Выбрать главу

Алария немного смягчилась:

– Там есть дорога. Я думаю, надо идти по ней. Нет смысла тут оставаться.

– Наверное, она ведет в деревню, – с надеждой сказала Реппин. И добавила тише: – Мне нужен лекарь. У меня всю руку дергает.

– Эй, вы все! Отправляйтесь за дровами! – крикнула Двалия, сидя у гаснущего костра.

Виндлайер с несчастным видом поднял голову. Я заметила, что Алария и Реппин обменялись мятежными взглядами.

– Я сказала – все! – взвизгнула Двалия.

Виндлайер встал, но не двинулся с места, словно в нерешительности. Двалия тоже поднялась на ноги. В руке у нее был сложенный во много раз лист бумаги. Она сжала его так злобно, что я поняла: это из-за того, что там написано, она бесится.

– Вот ведь лжец! – прорычала Двалия. – Как я раньше не догадалась! Знала ведь, что нельзя верить ни одному слову, выбитому из Прилкопа. – Она вдруг ударила Виндлайера своей бумагой. – Иди! Принесите дров. Нам тут сидеть еще по меньшей мере ночь. Алария! Реппин! Возьмите Би с собой. Присматривайте за ней. Нам нужны дрова. Ты, калсидиец! Пойди поймай нам какой-нибудь дичи!

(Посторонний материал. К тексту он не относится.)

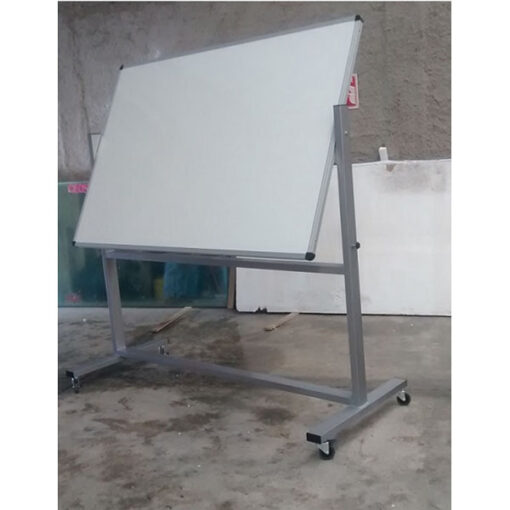 Pizarrón giratorio con pedestal y rodajas: Estructura en: Perfil rectangular Metalico de 3×1 ½” Cal. 18, terminado en Pintura epoxica, color a elegir, rodajas de uso rudo de 75mm Superficies de Escritura: Melamina Cristalizada, Varias medidas disponibles. Tablero de Escritura Enmarcado En Perfil canal de aluminio anodizado de 27mm Natural C/Estrias Reforzantes y decorativas, esquina redondeadas con regaton en Polipropileno Negro
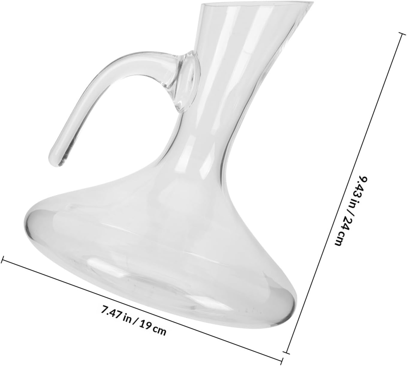 Package Include 1 x Wine Decanter with Handle Features - Material:Glass - Color: Transparent -Product Info:Red wine pourer - Size: 24.00X19.00X19.00cm/9.43X7.47X7.47in - Capacity: About 1800ML vintage decanter - Decanting the wine from the bottle to the decanter aerate the wine, its rich aroma and flavor drinks dispenser. - Adopting from good glass material, which is lightweight, with and good workmanship. - Creative bottle design, elegantly to your wine or kitchenware as decoration, adding a touch of bright color to the home. - The surface is bright and smooth, easy to clean, selected materials, comfortable to the touch, and does not hurt your hands. - The unique design of the glass decanter makes it easy to pour out liquids and can store whiskey, fresh juice, water and other drinks tequila decanter.Goods Descriptiontequila decanter This is a glass decanter made of , with reasonable design and practical functions, designed to help you better taste your wine, make it have a more comfortable and dense taste, and its best
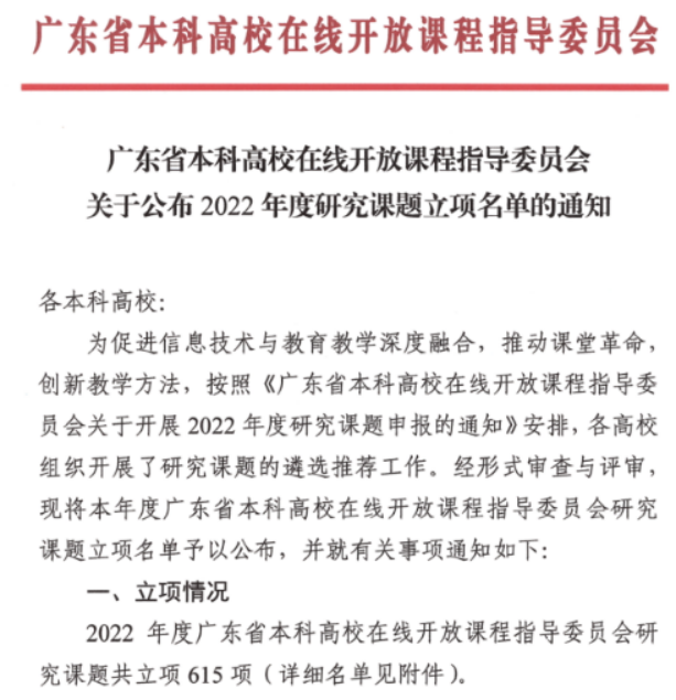 本次项目是广东省本科高校在线开放课程指导委员会在广东省教育厅指导下,开展的在线开放课程研究课题立项工作,旨在深入贯彻落实习近平总书记关于教育和数字中国建设的重要论述精神,以此促进高校信息技术与教育教学融合创新。我校将以本次立项项目建设为契机,立足学校教学改革实际,推动课堂教学革命,创新教学方法,突出问题导向、实践导向和应用导向,以项目建设为抓手服务好我校的信息化教学改革工作。
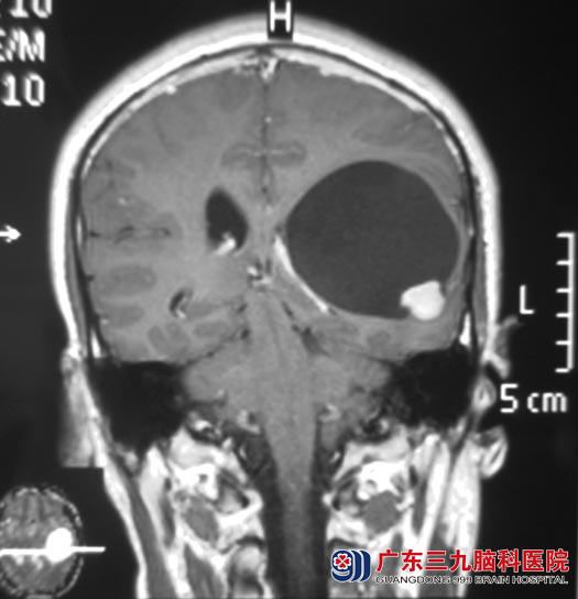 随后,阿丰出现头痛,家里人不放心,劝他去医院做体格检查。头颅CT检查提示:左侧颞顶叶占位性病变,考虑肿瘤性病变。广东三九脑科医院MR检查显示病变大小约6.26cm×5.94cm×5.66cm。
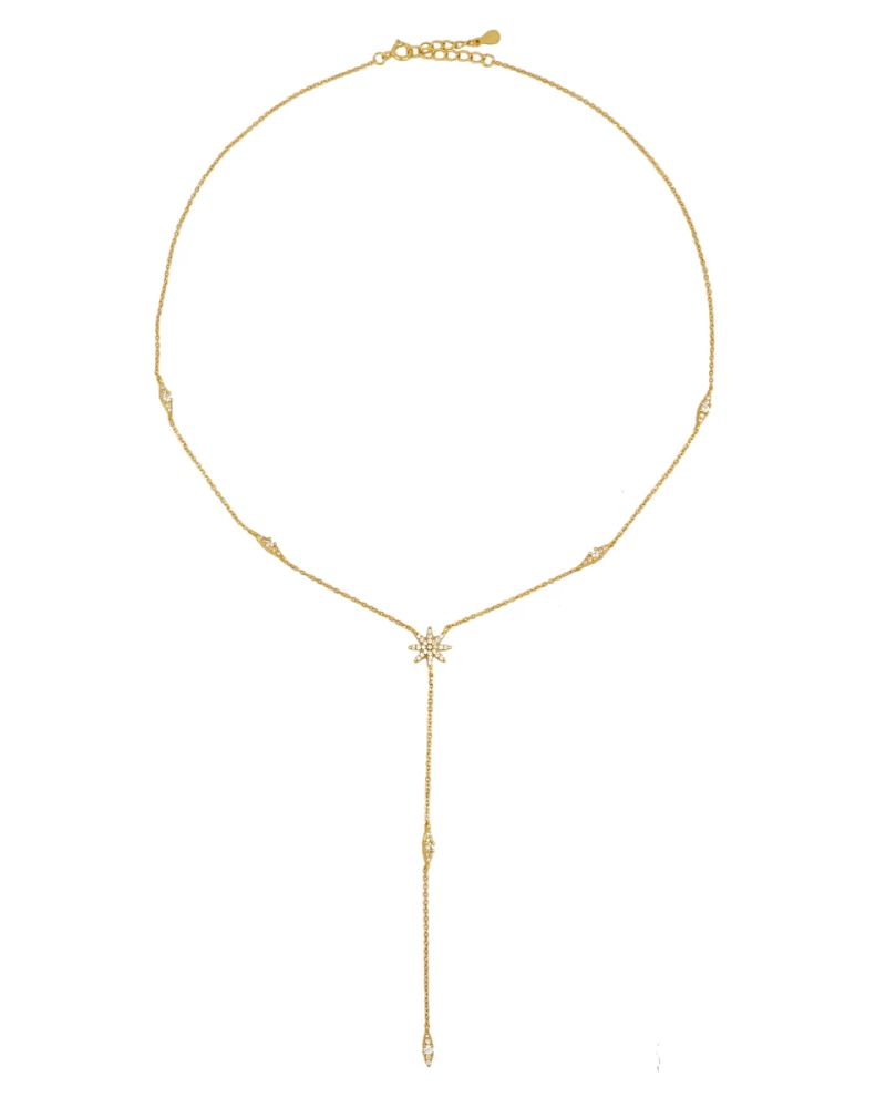 Delicate necklace with a vertical drop and a central zirconia star, with diamonds falling down the chain.
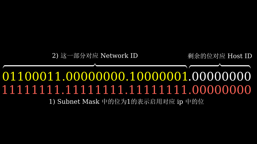 得到相对应的二进制编码形式后,有这样一个规则:subnet mask 二进制形式中为 1 的位,则“启用”对应的 ip 的位置,来看下面这张图:
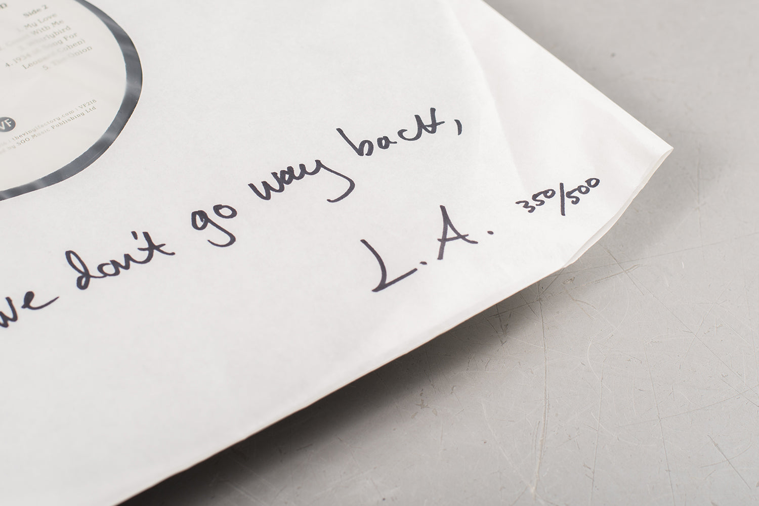 On each of the 500 inner sleeves, Lail has hand-written a unique lyric from the songs in the album. These lyrics have also been published by The Society Club into a limited edition lyric book for the release.
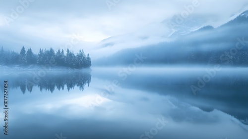 © Heni, Fototapeta premium Misty Morning Lake Reflection
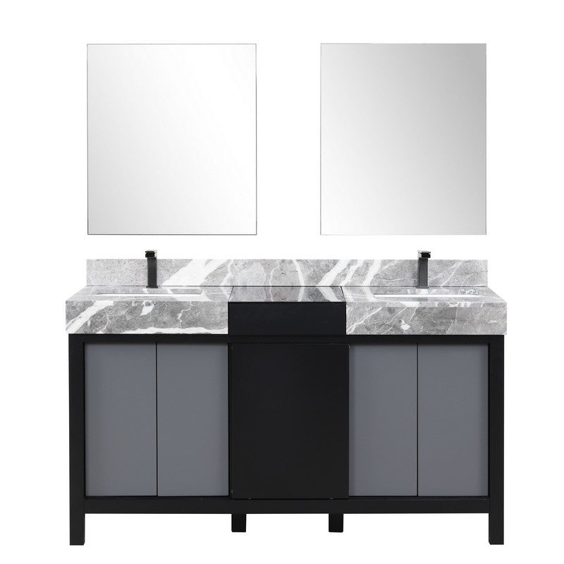 Lexora Zilara 60 Inch Black and Grey Double Vanity, Castle Grey Marble Tops, White Square Sinks, Balzani Gun Metal Faucet Set, and 28 Inch Frameless Mirrors | LZ342260DLISM28FBG
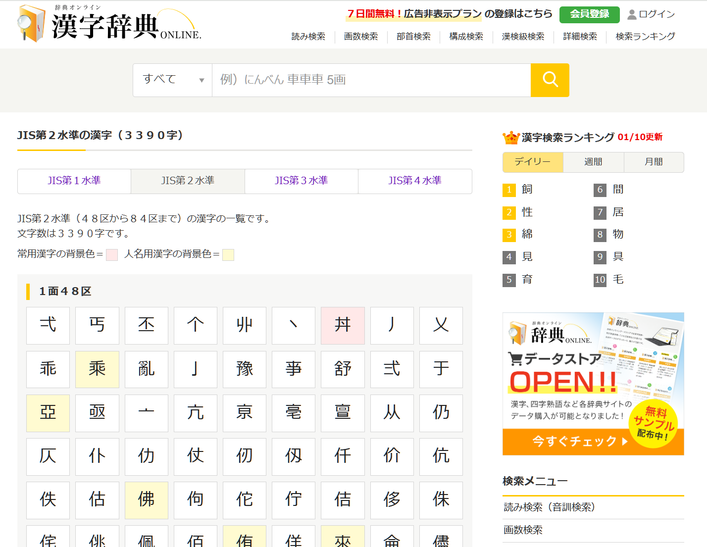 【参考】漢字辞典オンライン:JIS第2水準の漢字(3390字)
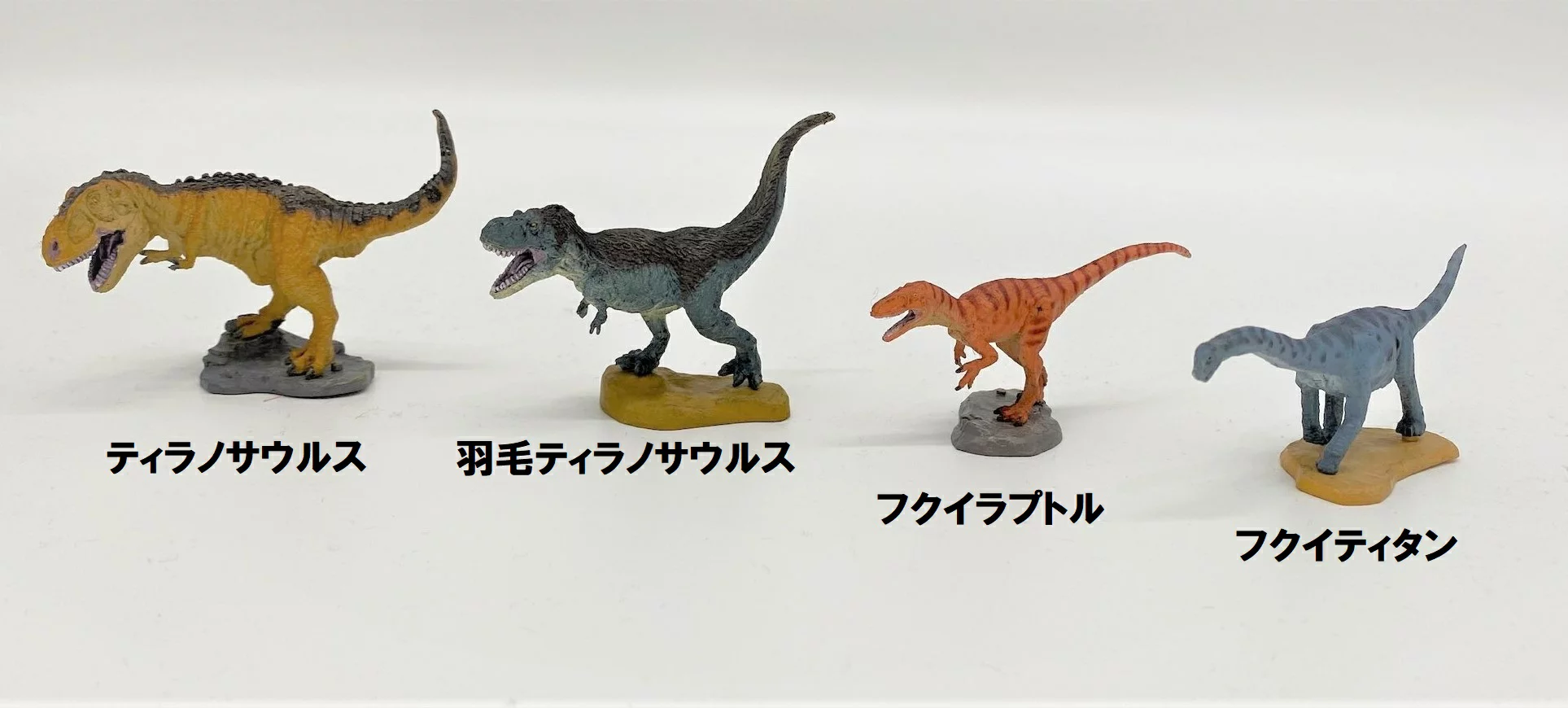 人気のティラノサウルス・羽毛ティラノサウルス・フクイラプトル・フクイティタンの4種類が手のひらサイズのミニフィギュアになりました!
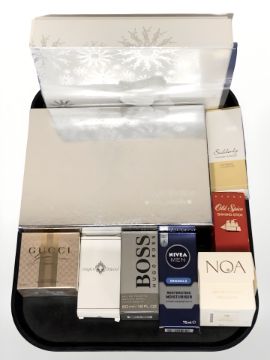 Assorted cosmetics and fragrances including Gucci, Boss, Old Spice etc (mostly opened)

Керф даже головы не повернул. Он сидел на низкой каменной ограде и таращился на пустую площадь. То есть она казалась пустой, но только пока я не приспустила свои внутренние стены. Тогда мне показались акробаты в черно-белых нарядах, выступающие перед толпой зрителей с волосами странных оттенков. Шум оживленного торжища зазвучал у меня в ушах. Я зажмурилась, укрепила стены, и когда снова открыла глаза, то увидела давным-давно пустующую площадь. Да, вот что это на самом деле. Когда-то тут, на прогалине посреди леса, шумела ярмарка, торговцы встречались тут, на перекрестке дорог, чтобы обмениваться товаром, а Элдерлинги приходили развлечься и что-нибудь купить.

– Идем! – прикрикнула на меня Алария.

Я медленно поднялась на ноги. Если идти скорчившись, живот болел не так сильно. Уставившись себе под ноги, побрела за остальными по древним каменным плитам. Среди разбросанного лесного мусора я заметила медвежий помет, а потом перчатку. Я замедлила шаги. Еще одна женская перчатка, на сей раз из мягкой желтой кожи. А вон мокрый обрывок мешковины. Из-под него выглядывает что-то красное, вязаное…

Медленно, осторожно я наклонилась и вытащила красную шерстяную шаль. Она была сырой и вонючей, как и шапка, подобранная мной раньше, но я была рада этой находке не меньше, чем первой.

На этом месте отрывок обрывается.